Suppose we want to search for some CDR3 sequences in a number of repertoires:
cmv <- data.frame(CDR3.amino.acid.sequence = c('CASSSANYGYTF', 'CSVGRAQNEQFF', 'CASSLTGNTEAFF', 'CASSALGGAGTGELFF', 'CASSLIGVSSYNEQFF'),
V.genes = c('TRBV4-1', 'TRBV4-1', 'TRBV4-1', 'TRBV4-1', 'TRBV4-1'), stringsAsFactors = F)
cmv
## CDR3.amino.acid.sequence V.genes
## 1 CASSSANYGYTF TRBV4-1
## 2 CSVGRAQNEQFF TRBV4-1
## 3 CASSLTGNTEAFF TRBV4-1
## 4 CASSALGGAGTGELFF TRBV4-1
## 5 CASSLIGVSSYNEQFF TRBV4-1
We will search for them using all methods of matching (exact, hamming or levenshtein) and with and without matching by V-segment.
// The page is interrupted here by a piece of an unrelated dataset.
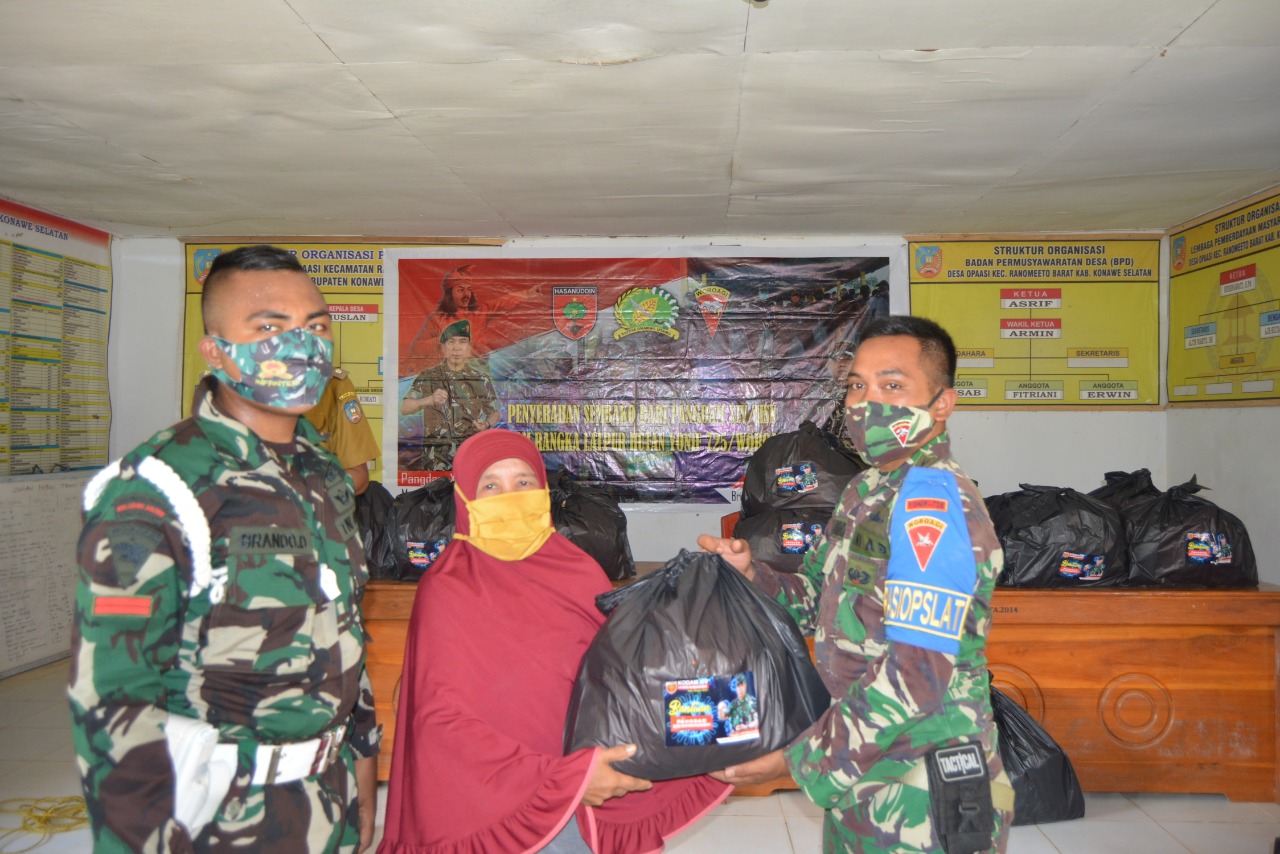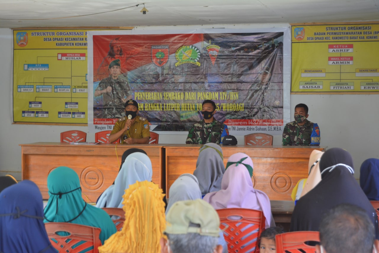 KENDARI,Sulawesibersatu.com – Sebagai puncak kegiatan latihan Pertempuran Hutan (Purhutan), Prajurit Batalyon Infanteri (Yonif) 725/Woroagi (Wrg) menyerahkan bingkisan sembako dari Pangdam XIV/Hasanuddin, Mayjen TNI Andi Sumangerukka, S.E., kepada masyarakat Ds. Opaasi, Kec. Ranomeeto Barat, Kab. Konsel sebagai ucapan terima kasih. Selasa, (17/11/2020).

Also, for the first case (exact matching and without V gene) we return “Total.insertions” column along with the “Read.count” column, and for the second case output will be a “Rank” - rank (generated by set.rank
) of a clone or a clonotype in a data frame.
twb <- set.rank(twb)
# Case 1.
cmv.imm.ex <-
find.clonotypes(.data = twb[1:2], .targets = cmv[,1], .method = 'exact',
.col.name = c('Read.count', 'Total.insertions'),
.verbose = F)
head(cmv.imm.ex)
## CDR3.amino.acid.sequence Read.count.Subj.A Read.count.Subj.B
## CASSALGGAGTGELFF CASSALGGAGTGELFF 153 319
## CASSALGGAGTGELFF.1 CASSALGGAGTGELFF NA 35
## CASSLTGNTEAFF CASSLTGNTEAFF 35 263
## CASSLTGNTEAFF.1 CASSLTGNTEAFF 35 35
## CASSLTGNTEAFF.2 CASSLTGNTEAFF NA 28
## CASSSANYGYTF CASSSANYGYTF NA 15320
## Total.insertions.Subj.A Total.insertions.Subj.B
## CASSALGGAGTGELFF 9 10
## CASSALGGAGTGELFF.1 NA 9
## CASSLTGNTEAFF 2 2
## CASSLTGNTEAFF.1 1 0
## CASSLTGNTEAFF.2 NA 1
## CASSSANYGYTF NA 1
# Case 2.
# Search for CDR3 sequences with hamming distance <= 1
# to the one of the cmv$CDR3.amino.acid.sequence with
# matching V genes. Return ranks of found sequences.
cmv.imm.hamm.v <-
find.clonotypes(twb[1:3], cmv, 'hamm', 'Rank',
.target.col = c('CDR3.amino.acid.sequence',
'V.gene'),
.verbose = F)
head(cmv.imm.hamm.v)
## CDR3.amino.acid.sequence V.gene Rank.Subj.A Rank.Subj.B
## CASSALGGAGTGELFF CASSALGGAGTGELFF TRBV4-1 NA NA
## CASSLIGVSSYNEQFF CASSLIGVSSYNEQFF TRBV4-1 NA NA
## CASSLTGNTEAFF CASSLTGNTEAFF TRBV4-1 NA NA
## CASSSANYGYTF CASSSANYGYTF TRBV4-1 NA NA
## CSVGRAQNEQFF CSVGRAQNEQFF TRBV4-1 NA NA
## Rank.Subj.C
## CASSALGGAGTGELFF NA
## CASSLIGVSSYNEQFF NA
## CASSLTGNTEAFF NA
## CASSSANYGYTF NA
## CSVGRAQNEQFF NA
# Case 3.
# Similar to the previous example, except
# using levenshtein distance and the "Read.count" column.
cmv.imm.lev.v <-
find.clonotypes(twb[1:3], cmv, 'lev',
.target.col = c('CDR3.amino.acid.sequence', 'V.gene'),
.verbose = F)
head(cmv.imm.lev.v)
## CDR3.amino.acid.sequence V.gene Read.count.Subj.A
## CASSALGGAGTGELFF CASSALGGAGTGELFF TRBV4-1 NA
## CASSLIGVSSYNEQFF CASSLIGVSSYNEQFF TRBV4-1 NA
## CASSLTGNTEAFF CASSLTGNTEAFF TRBV4-1 NA
## CASSSANYGYTF CASSSANYGYTF TRBV4-1 NA
## CSVGRAQNEQFF CSVGRAQNEQFF TRBV4-1 NA
## Read.count.Subj.B Read.count.Subj.C
## CASSALGGAGTGELFF NA NA
## CASSLIGVSSYNEQFF NA NA
## CASSLTGNTEAFF NA NA
## CASSSANYGYTF NA NA
## CSVGRAQNEQFF NA NA
Variable and Joining gene usage (V-usage and J-usage) are important characteristics of repertoires. To access and compare them among repertoires tcR provides a few useful functions.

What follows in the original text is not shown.